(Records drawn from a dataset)
────────────────

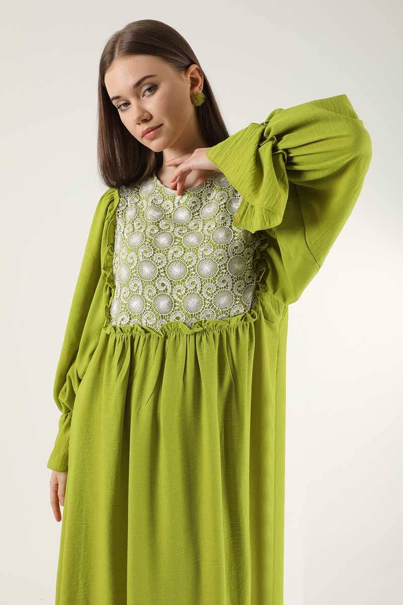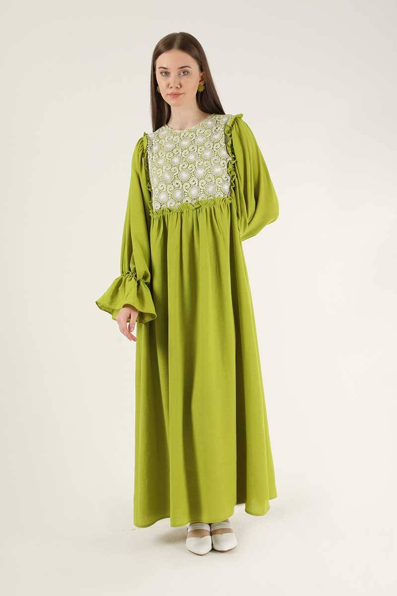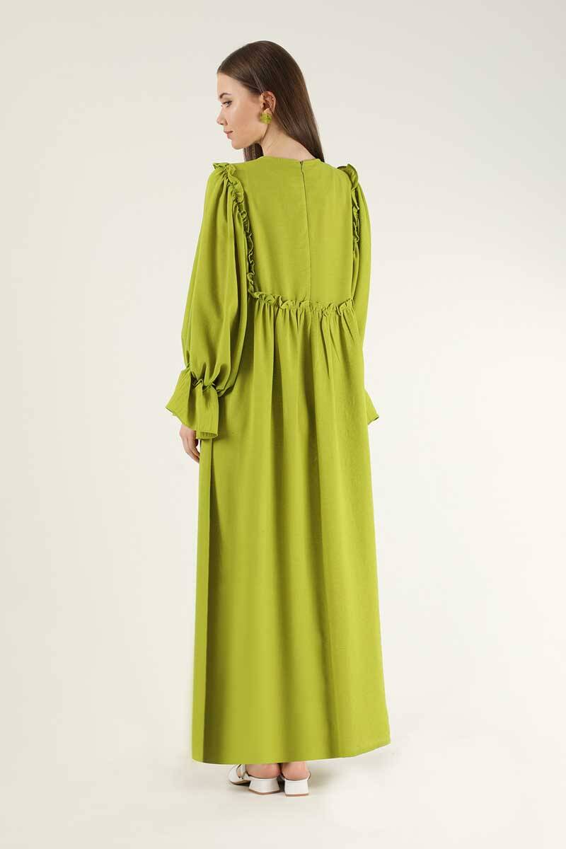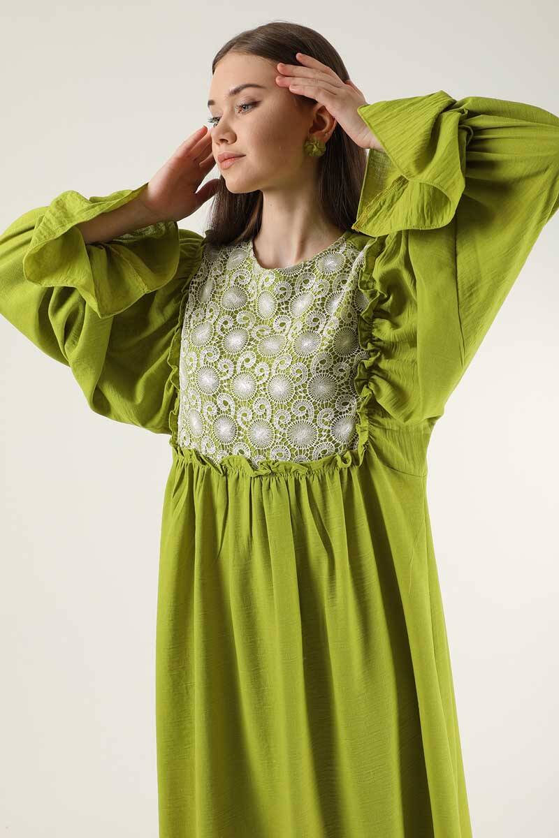 Lace Detail Frilly Dress Pistachio Green. Lace Detailed. The shoulder is ruffled from the front body. The cuff is flywheel. There is a ruffle detail on the back yoke. It has a back zipper. It is unlined (does not show inside). It's a normal pattern. You can choose it for your daily use and special days.
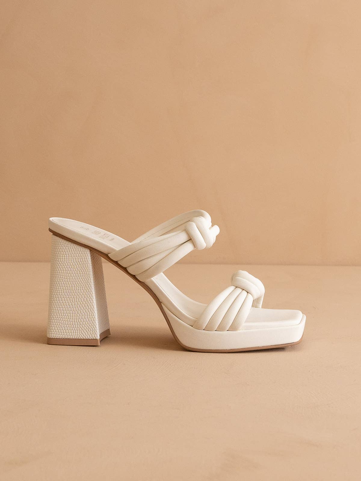 A gorgeous, girly, minimalist heel with sweet rosettes on a square toe sandal. Materials: * Upper Material: Vegan Leather Upper * Insole Material: DreamCloud Cushion * Sole or Heel Material: Synthetic Wrap Heel Details: * Brand: Oasis Society * Size Run: S * Heel Height: 3" * Types of Closures: Slip On
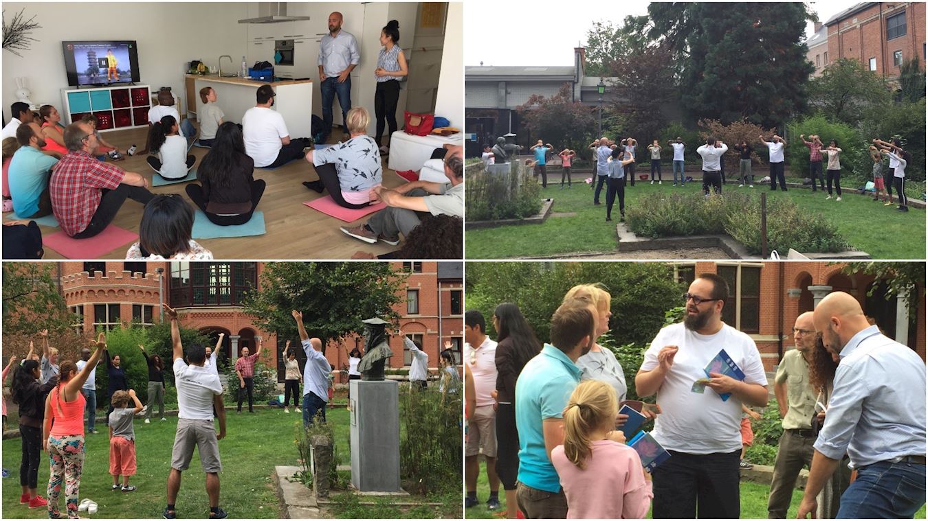 二零一八年九月十六日,圣-尼格拉斯市新炼功点一下子来了十九位新学员,其中有夫妻同来的,有带家庭成员来的。大家静静地听法轮功学员马提亚斯(Mathias)对法轮大法的介绍。
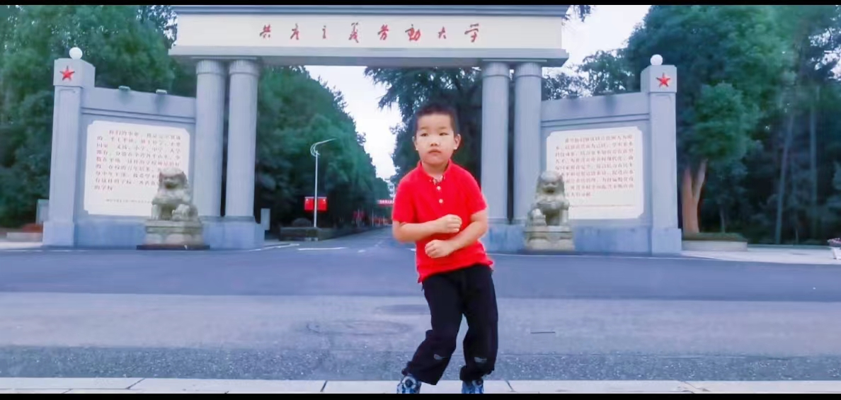 生工081班唐清源校友之“生工二代”在老校门前开心起舞
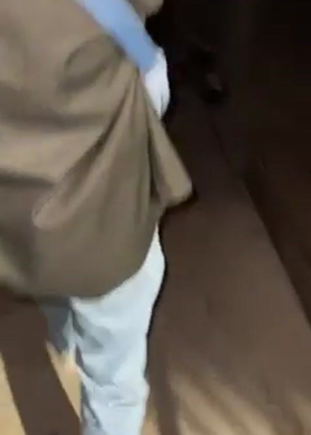 A video taken from behind follows three individuals walking on a sidewalk, likely at night. The person closest to the camera wears light blue jeans and white shoes, with a dark green or black jacket and a white shoulder bag. A person walks to their left, wearing a tan jacket and a white shoulder bag. Another person is walking to the far left, dressed in a dark, puffy jacket. The sidewalk is grey, and a dark fence with vertical bars is visible along the right side of the frame. The lighting is dim, casting shadows on the sidewalk.
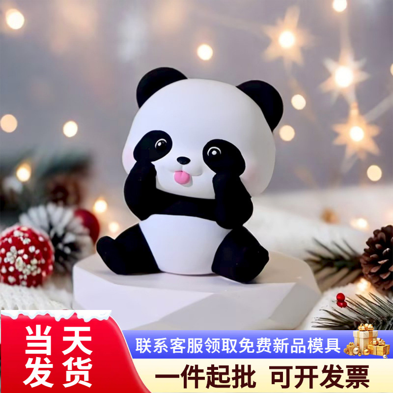 Kartun 3D Shy Panda Silikon Cetakan Menutupi Wajah Panda Panda Aroma Lilin Gypsum Membuat Ornamen Hewan
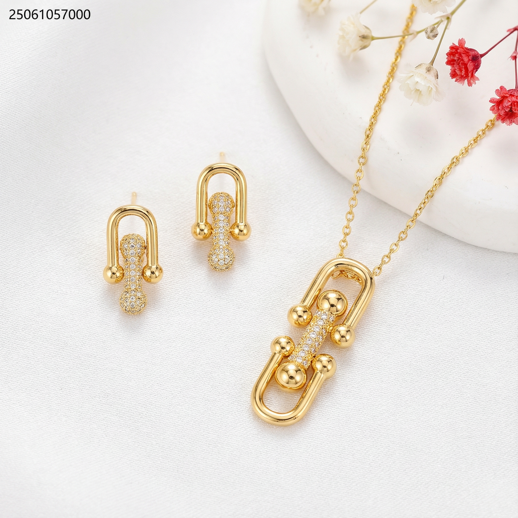 طقم سنسال و حلق بشكل حلقات متصلة مع زركون
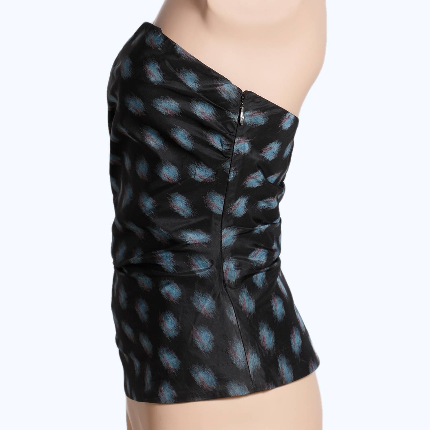 LOUIS VUITTON Blue and Black Patterned Silk Bustier Top
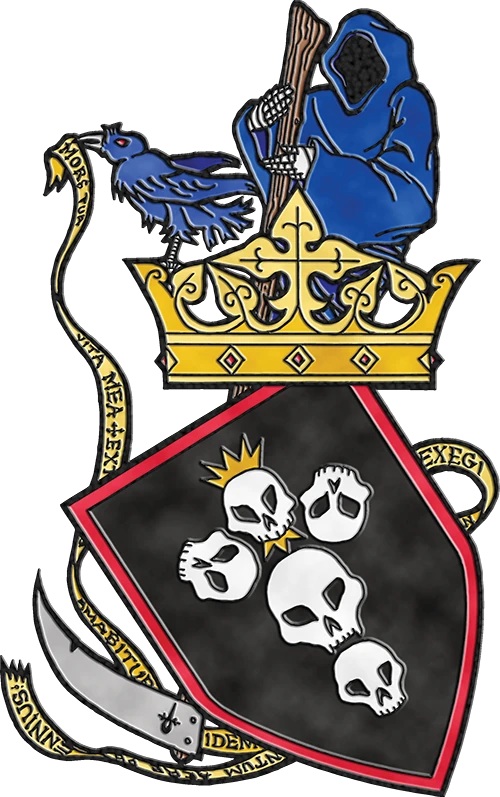 - Die lateinischen Begriffe auf dem Wappen des Clans werden großteils vom Schild selbst verdeckt, doch lassen sich als die folgenden Sätze entziffern:
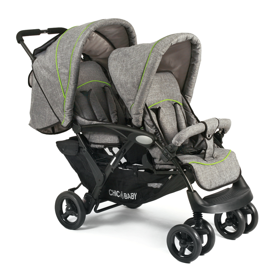 Il pratico passeggino CHIC 4 Baby DUO è dotato di ruote anteriori a doppio snodo bloccabili e di grandi ruote in plastica con freno di stazionamento posteriore. Il telaio è ammortizzato. Lo schienale del sedile posteriore è regolabile in 3 posizioni fino alla posizione nanna, lo schienale del sedile anteriore è regolabile in 2 posizioni fino alla posizione nanna. Le due cappottine sono pieghevoli e quella anteriore è rimovibile, sulla cappottina posteriore c'è una finestra panoramica copribile e una borsa per gli accessori. La carrozzina è dotata di cinture di sicurezza a 5 punti con spalline su entrambi i sedili e di un ampio cestino portabagagli con cerniere laterali per facilitare le operazioni di carico e scarico. Sono inclusi una spaziosa navicella morbida e un parapioggia. Dettagli del prodotto: Ruote anteriori a doppia gamba regolabili Grandi ruote posteriori in plastica con freno di stazionamento Schienale del sedile posteriore 3 volte regolabile fino alla posizione sdraiata Schienale del sedile anteriore 2 volte regolabile fino alla posizione sdraiata Cappottine pieghevoli e rimovibili Cintura di sicurezza a 5 punti Ampio cestino portabagagli Dettagli tecnici Dimensione da chiuso: 107 x 54 x 40 cm Dimensioni: 130 x 56 x 112 cm, altezza maniglione: 102 cm Superficie di riposo della navicella: ca. 70 x 30 cm Larghezza sedile: ca. 34 cm Peso: 18 kg Portata: 30 kg Incluso nella consegna: Ampia navicella morbida Copertura antipioggia
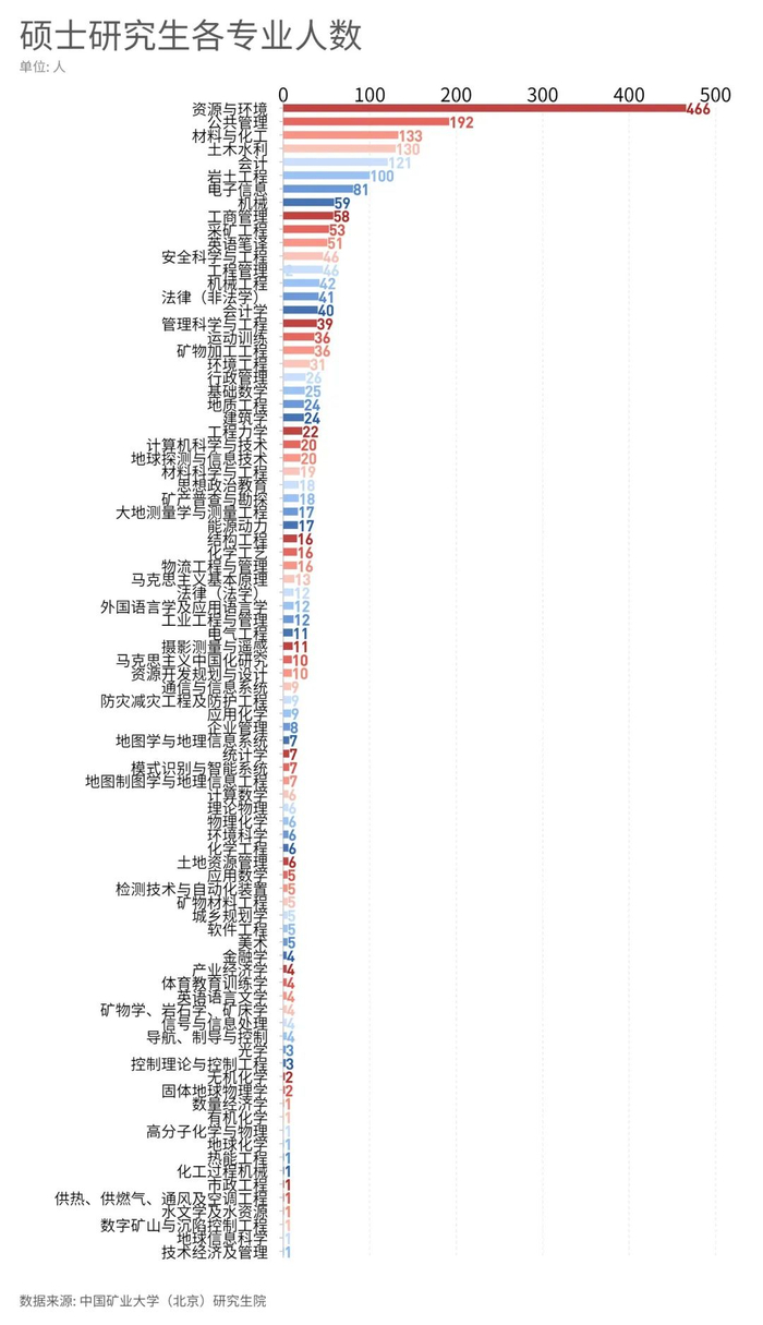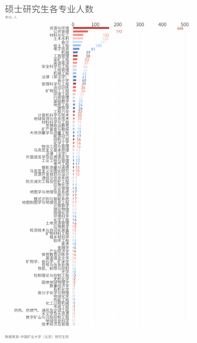 硕士录取人数TOP10专业:资源与环境、公共管理、材料与化工、土木水利、会计、岩土工程、电子信息、机械、工商管理、采矿工程。
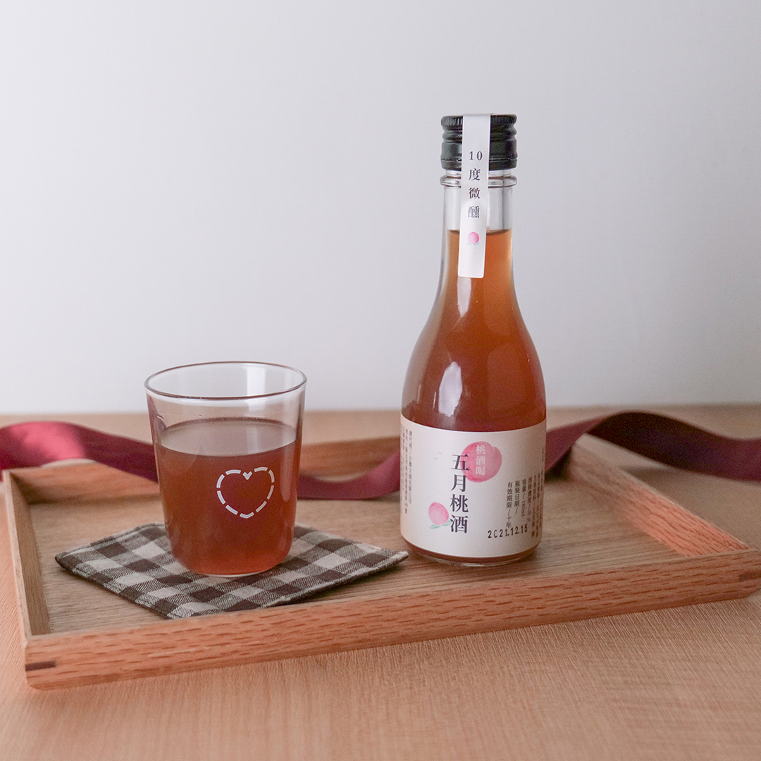 五月桃酒禮盒,699元:以再生玻璃杯盛裝產自復興鄉的桃酒,不添加任何人工香精,富含水果香氣。
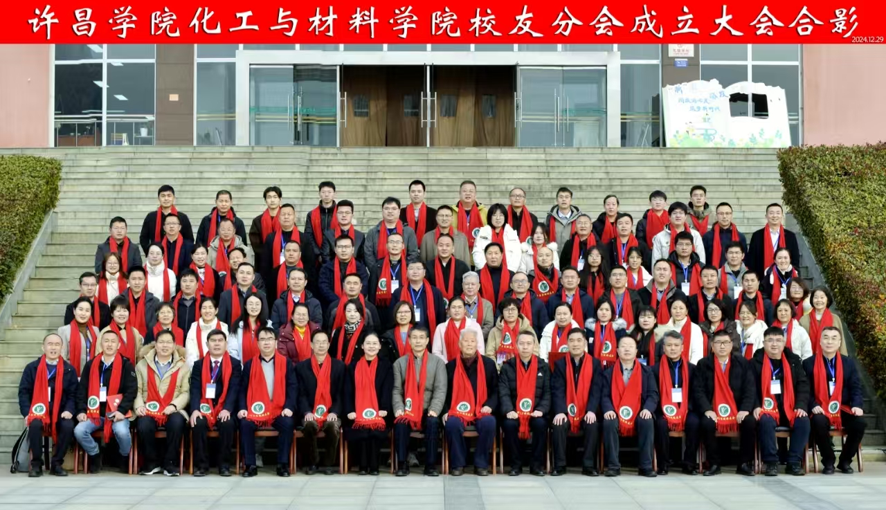 二、院校友分会概况:经学院校友会筹备组充分酝酿,化工与材料学院校友会组织架构成员共计82人,其中名誉会长1人,会长1人、副会长11人,顾问32人,秘书长1人,副秘书长3人,理事48人。2024年12月29日,许昌学院化工与材料学院校友分会成立大会,选举产生第一届校友会理事及负责人。其中杨风岭任名誉会长、许志红任会长、王焱 、刘少华、 李万仓、 李品将 、何伟伟、 张学燕 、法文君 、赵军锋、 温俊利、 蒲登攀、 路明任副会长、张学燕任秘书长,刘克克 、刘满营 、孟庆磊任副秘书长。学院校友会将通过多种渠道,广泛收集校友信息,策划学术交流研讨,合作项目洽谈、创新创业论坛、教育教学论坛、参观校园、公益志愿等活动,为广大校友搭建一个联络感情、交流合作、回馈母校、扩大学院社会影响力的优质平台。
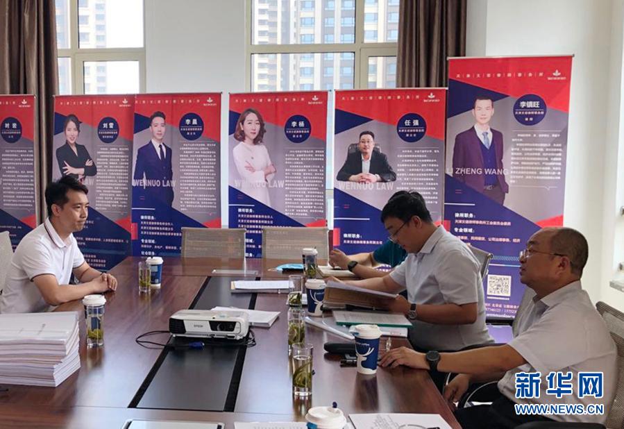 全國人大代表才華(右一)在天津一家律師事務(wù)所調(diào)研(資料照片)。新華社發(fā)

────────────────

YOUR ASSIGNMENT> Keep every word of the records above exactly, and return them with no pictures.

RESPONSE FOR THIS EXERCISE>
 Lace Detail Frilly Dress Pistachio Green. Lace Detailed. The shoulder is ruffled from the front body. The cuff is flywheel. There is a ruffle detail on the back yoke. It has a back zipper. It is unlined (does not show inside). It's a normal pattern. You can choose it for your daily use and special days.
 A gorgeous, girly, minimalist heel with sweet rosettes on a square toe sandal. Materials: * Upper Material: Vegan Leather Upper * Insole Material: DreamCloud Cushion * Sole or Heel Material: Synthetic Wrap Heel Details: * Brand: Oasis Society * Size Run: S * Heel Height: 3" * Types of Closures: Slip On
 二零一八年九月十六日,圣-尼格拉斯市新炼功点一下子来了十九位新学员,其中有夫妻同来的,有带家庭成员来的。大家静静地听法轮功学员马提亚斯(Mathias)对法轮大法的介绍。
 生工081班唐清源校友之“生工二代”在老校门前开心起舞
 A video taken from behind follows three individuals walking on a sidewalk, likely at night. The person closest to the camera wears light blue jeans and white shoes, with a dark green or black jacket and a white shoulder bag. A person walks to their left, wearing a tan jacket and a white shoulder bag. Another person is walking to the far left, dressed in a dark, puffy jacket. The sidewalk is grey, and a dark fence with vertical bars is visible along the right side of the frame. The lighting is dim, casting shadows on the sidewalk.
 Kartun 3D Shy Panda Silikon Cetakan Menutupi Wajah Panda Panda Aroma Lilin Gypsum Membuat Ornamen Hewan
 طقم سنسال و حلق بشكل حلقات متصلة مع زركون
 LOUIS VUITTON Blue and Black Patterned Silk Bustier Top
 - Die lateinischen Begriffe auf dem Wappen des Clans werden großteils vom Schild selbst verdeckt, doch lassen sich als die folgenden Sätze entziffern:
 Il pratico passeggino CHIC 4 Baby DUO è dotato di ruote anteriori a doppio snodo bloccabili e di grandi ruote in plastica con freno di stazionamento posteriore. Il telaio è ammortizzato. Lo schienale del sedile posteriore è regolabile in 3 posizioni fino alla posizione nanna, lo schienale del sedile anteriore è regolabile in 2 posizioni fino alla posizione nanna. Le due cappottine sono pieghevoli e quella anteriore è rimovibile, sulla cappottina posteriore c'è una finestra panoramica copribile e una borsa per gli accessori. La carrozzina è dotata di cinture di sicurezza a 5 punti con spalline su entrambi i sedili e di un ampio cestino portabagagli con cerniere laterali per facilitare le operazioni di carico e scarico. Sono inclusi una spaziosa navicella morbida e un parapioggia. Dettagli del prodotto: Ruote anteriori a doppia gamba regolabili Grandi ruote posteriori in plastica con freno di stazionamento Schienale del sedile posteriore 3 volte regolabile fino alla posizione sdraiata Schienale del sedile anteriore 2 volte regolabile fino alla posizione sdraiata Cappottine pieghevoli e rimovibili Cintura di sicurezza a 5 punti Ampio cestino portabagagli Dettagli tecnici Dimensione da chiuso: 107 x 54 x 40 cm Dimensioni: 130 x 56 x 112 cm, altezza maniglione: 102 cm Superficie di riposo della navicella: ca. 70 x 30 cm Larghezza sedile: ca. 34 cm Peso: 18 kg Portata: 30 kg Incluso nella consegna: Ampia navicella morbida Copertura antipioggia
 硕士录取人数TOP10专业:资源与环境、公共管理、材料与化工、土木水利、会计、岩土工程、电子信息、机械、工商管理、采矿工程。
 五月桃酒禮盒,699元:以再生玻璃杯盛裝產自復興鄉的桃酒,不添加任何人工香精,富含水果香氣。
 二、院校友分会概况:经学院校友会筹备组充分酝酿,化工与材料学院校友会组织架构成员共计82人,其中名誉会长1人,会长1人、副会长11人,顾问32人,秘书长1人,副秘书长3人,理事48人。2024年12月29日,许昌学院化工与材料学院校友分会成立大会,选举产生第一届校友会理事及负责人。其中杨风岭任名誉会长、许志红任会长、王焱 、刘少华、 李万仓、 李品将 、何伟伟、 张学燕 、法文君 、赵军锋、 温俊利、 蒲登攀、 路明任副会长、张学燕任秘书长,刘克克 、刘满营 、孟庆磊任副秘书长。学院校友会将通过多种渠道,广泛收集校友信息,策划学术交流研讨,合作项目洽谈、创新创业论坛、教育教学论坛、参观校园、公益志愿等活动,为广大校友搭建一个联络感情、交流合作、回馈母校、扩大学院社会影响力的优质平台。
 全國人大代表才華(右一)在天津一家律師事務(wù)所調(diào)研(資料照片)。新華社發(fā)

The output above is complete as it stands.